** TASK DETAILS **
Among the entries below, how many lines hold "This"? Reply with the number only.

** SOURCE INFORMATION **
* * *

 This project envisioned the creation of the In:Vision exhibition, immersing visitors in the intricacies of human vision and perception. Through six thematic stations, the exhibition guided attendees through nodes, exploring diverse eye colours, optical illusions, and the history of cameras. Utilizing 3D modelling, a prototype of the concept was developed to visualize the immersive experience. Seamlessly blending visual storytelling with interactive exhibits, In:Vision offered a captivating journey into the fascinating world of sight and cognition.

* * *

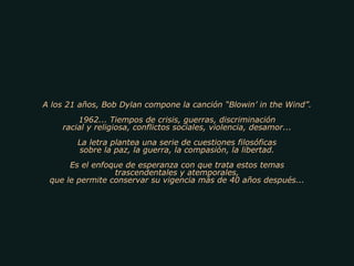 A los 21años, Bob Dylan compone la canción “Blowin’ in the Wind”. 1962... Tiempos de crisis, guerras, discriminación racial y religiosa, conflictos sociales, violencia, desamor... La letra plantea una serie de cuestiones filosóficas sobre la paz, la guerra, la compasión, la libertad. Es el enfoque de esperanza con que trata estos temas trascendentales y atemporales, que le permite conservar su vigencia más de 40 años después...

* * *

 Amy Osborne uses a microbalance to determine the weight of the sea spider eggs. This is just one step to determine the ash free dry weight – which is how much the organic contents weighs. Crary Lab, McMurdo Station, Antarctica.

* * *

** ANSWER SECTION **
2